Prezydent USA Joe Biden przyznał w poniedziałek w Białym Domu, że operacja wycofania wojsk z Afganistanu była „nieporządna” i „daleka od perfekcji”, ale nadal uważa swoją decyzję za prawidłową i leżącą w interesie swojego kraju. Prezydent nie odpowiedział na pytania dziennikarzy.
- Kiedy ubiegałem się o prezydenturę, obiecałem Amerykanom, że zakończę nasze zaangażowanie wojskowe w Afganistanie.
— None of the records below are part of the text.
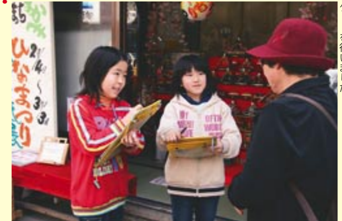
真壁小学校児童が、観光客のみなさんとふれあおうと、ひなまつり期間中の街に飛び出しアンケートを行いました。

真壁小学校3年生が、真壁のひなまつり期間中に観光客のみなさんにアンケートを行いました。児童たちが、地元へ何かできることをしようと総合的学習の時間を利用して始まったもので、アンケートの内容も自分たちで考えました。また、おひな様が飾られている家の人にも話を聞くなどをして、今後、ひなまつりマップを作成する予定だそうです。アンケートに答えてくれた観光客の人がすごく優しくかったです。折りびなのプレゼントを渡したら、とても喜ばれました。いろんなところから来た人にアンケートをとり、仲良くなれました。」と児童たちは話していました。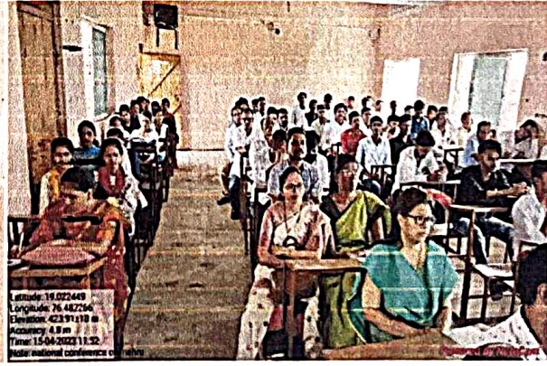
The Conference Hall with the delegate participants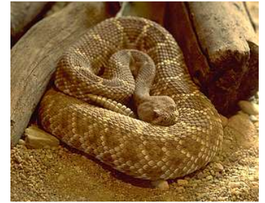
RONDE 6 - VRAAG 4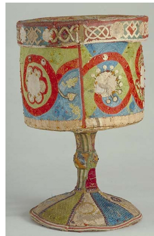
Fig. 4. Det broderade Linköpingsrelikvariet med tillhörande lock. Trästommen är helt överdragen med broderi som varit prytt med applicerade ornament. Det röda vertikala bandet på kuppan markerar sammanfogningskarven. Det beige bandet i nederkanten av asken har varit rött, liksom det ringkorsformande bandet på locket. De vita fälten har prytt av emaljer och sötvattenpärlor.

Sketch of the ornamental tendril on the reliquary's upper case. Along the upper edge are the wedges that create rays. The symmetrically arranged dotted roundels mark now lost decorations. The right side displays the asymmetry created at the joint.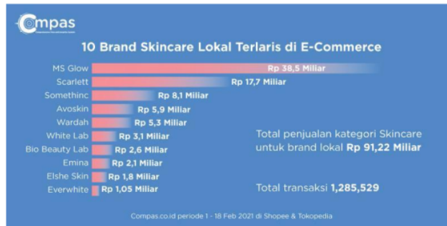
Gambar 1.2 10 Brand Skincare Lokal terlaris di e-commerce

Berbagai macam merek brand skincare mulai banyak berinovasi dari yang sudah lama maupun baru-baru muncul mengguncang dalam dunia kecantikan. Berikut merupakan data penjualan skincare lokal yang terlaris di E-Commerce sebagai berikut: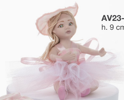
AV23-GA863 h. 9 cm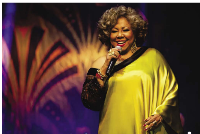
Alcione vem a Ponte Nova e canta seus sucessos de 50 anos de carreira

O Festival de 2023 tem programação de sobra e para todos os gostos e idades. Nesta sexta-feira, 21/07, surpresas pelas ruas da cidade; 22 de julho tem Festa da Goiabada; 27 de julho dance com o "Forró da Feira". Para o encerrar do mês, no Parque de Exposições, 30/07, tem Alcione, com o seu show de 50 anos de carreira.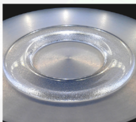
BEIGNET À L'EAU / © FILIP NOVKOSKI / MSC / CNRS PHOTOTHÈQUE

Permettre d'illustrer et de mettre en avant les travaux de nos recherches par l'image et non par des mots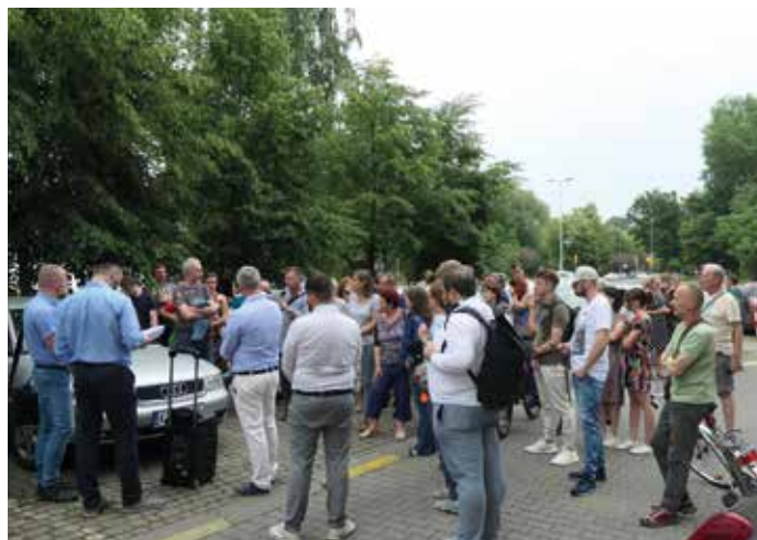
Spotkanie mieszkańców z projektantami w terenie po serii spotkań on-line.

Co dalej? Zobaczmy. Zgodnie z obietnicą Wiceprezydenta Andrzeja Kuliga zostało zorganizowane spotkanie podsumowujące w terenie. Wiemy też, że uda się ocalić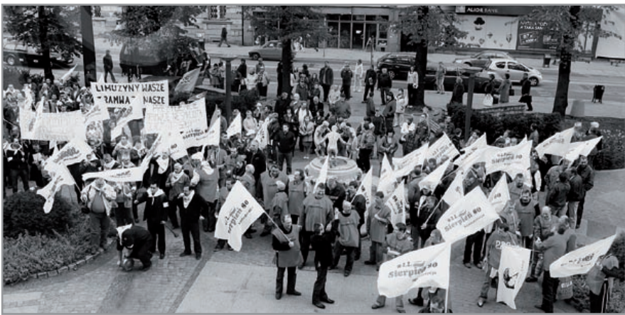
fol. A. Włtwicki

W ubiegły czwartek, 23 kwietnia, przed siedzibą Urzędu Miejskiego odbyła się pikietka związkowców z „Sierpnia 80” i „Solidarności”. Jej uczestnicy protestowali przeciwko zamiarowi likwidacji tramwajów w Gliwicach. Do demonstracji, która rozpoczęła się przed sesją absolutorijną Rady Miejskiej, przyłączyło się niewielu mieszkańców. Przypomnijmy, że sprawa dotyczy proponowanego przez prezydenta Gliwice zastąpienia tramwajów przez autobusy niskopodłogowe, które mogłyby kursować na trasie zbliżonej do tramwajowej. Temu tematowi była poświęcona publiczna debata zorganizowana na początku kwietnia w magistracie przez prezydenta miasta. Gliwiczanie wypełnili wówczas salę sesyjną po brzegi. Jakie prezentowały argumenty? – tego można się dowiedzieć, zaglądając na stronę internetową www.um.gliwice.pl (odsylacz „Debata komunikacyjna”). (al)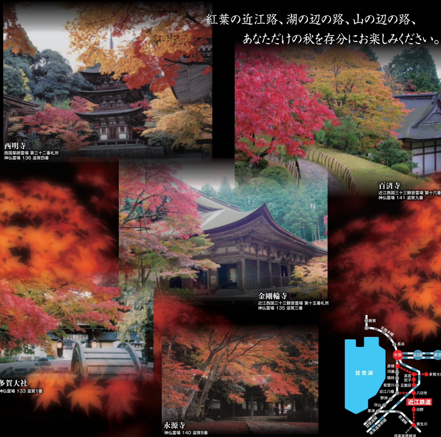
西明寺 西国薬師堂場 第三十二番札所 神仏堂場 136 滋賀四番

紅葉の近江路、湖の辺の路、山の辺の路、 あなただけの秋を存分にお楽しみください。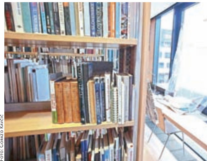
Ob vsakem večjem deževju v knjižnici zamaka.

bomo morali izpeljati unovčitev bančne garancije in bodo napake odpravljali drugi izvajalci,« je pojasnil. Prav za slednje se je občina odločila pri še eni od svojih investicij. Pri pred osmimi leti zgrajenem Čebelarskem centru v Lescah se izvajalec, to je podjetje Tehnik v stečaju, ni odzval na pozive za sanacijo napak, zato je občina že unovčila bančno garancijo, je povedal župan. Dela na fasadi, ki jih zaključujejo prav v teh dneh, zdaj opravlja drug izvajalec.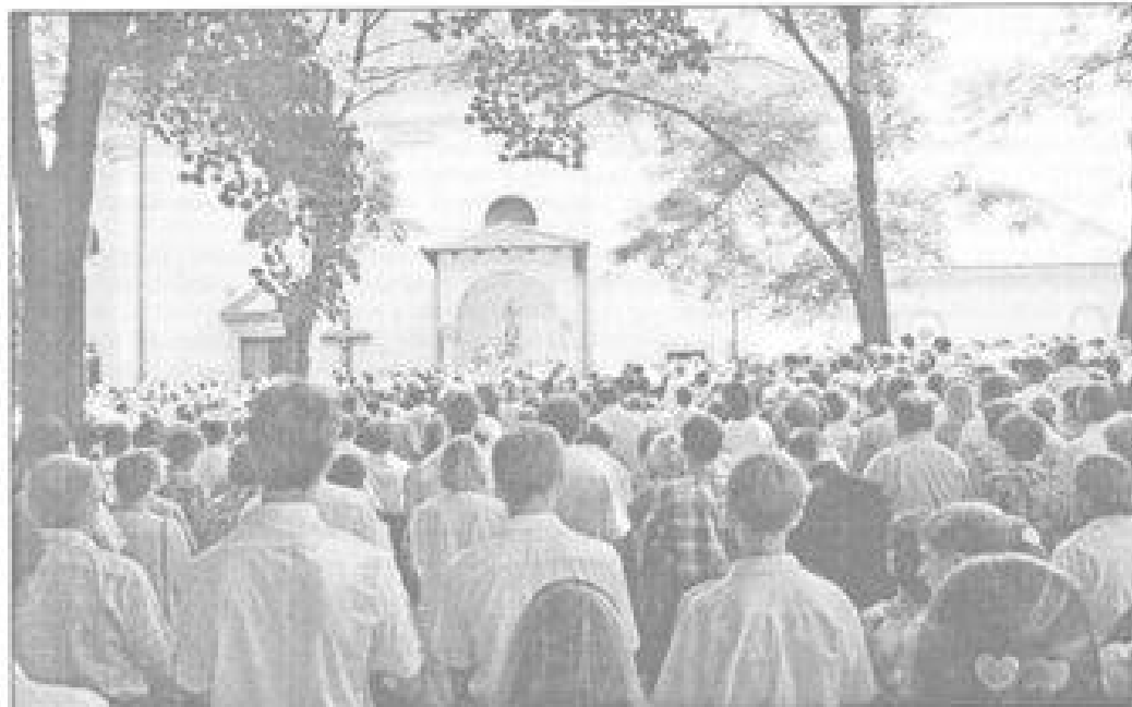
Děkujeme panu vs. Antonínem se uskutečnilo 25. srpna.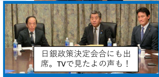
日銀政策決定会合にも出席。TVで見たよの声も！

日本銀行の植田総裁は牧之原市の出身であり、親近感を強く感じています。植田総裁率いる、日銀の独立を守りつつ、政府・日銀の政策連携が円滑に行くように努めて参ります。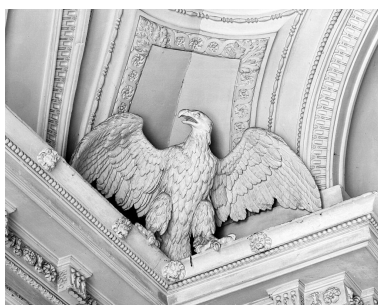
Décor du vestibule d'honneur : détail d'un aigle en ronde-bosse.

IVR11_19907800241X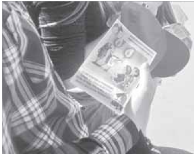
Каждый ребенок получил памятку

Первого июня, в День защиты детей на площади культурно-спортивного комплекса «Геолог» прошло массовое гуляние, где собралось около 150 детей. Здесь же побывали и сотрудники пожарной охраны, принимая активное участие в празднике. Они привлекли внимание детей к повторению в игровой форме правил пожарной безопас-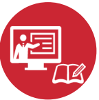
筆記試験対策 WEB 動画

To było trudne i nieuporządkowane — i tak, dalekie od perfekcji — ale dotrzymałem tego zobowiązania — powiedział podczas poniedziałkowego przemówienia w Białym Domu Biden.
Odnosząc się do sytuacji w Afganistanie i na lotnisku w Kabulu, gdzie tysiące ludzi desperacko czeka na ewakuację z kraju, prezydent stwierdził, że sceny te „chwytają go za serce”, lecz główną winą za błyskawiczną zapaść afgańskich władz i armii wobec ofensywy talibów obarczył afgańskie elity, z byłym prezydentem Aszrafem Ghanim na czele.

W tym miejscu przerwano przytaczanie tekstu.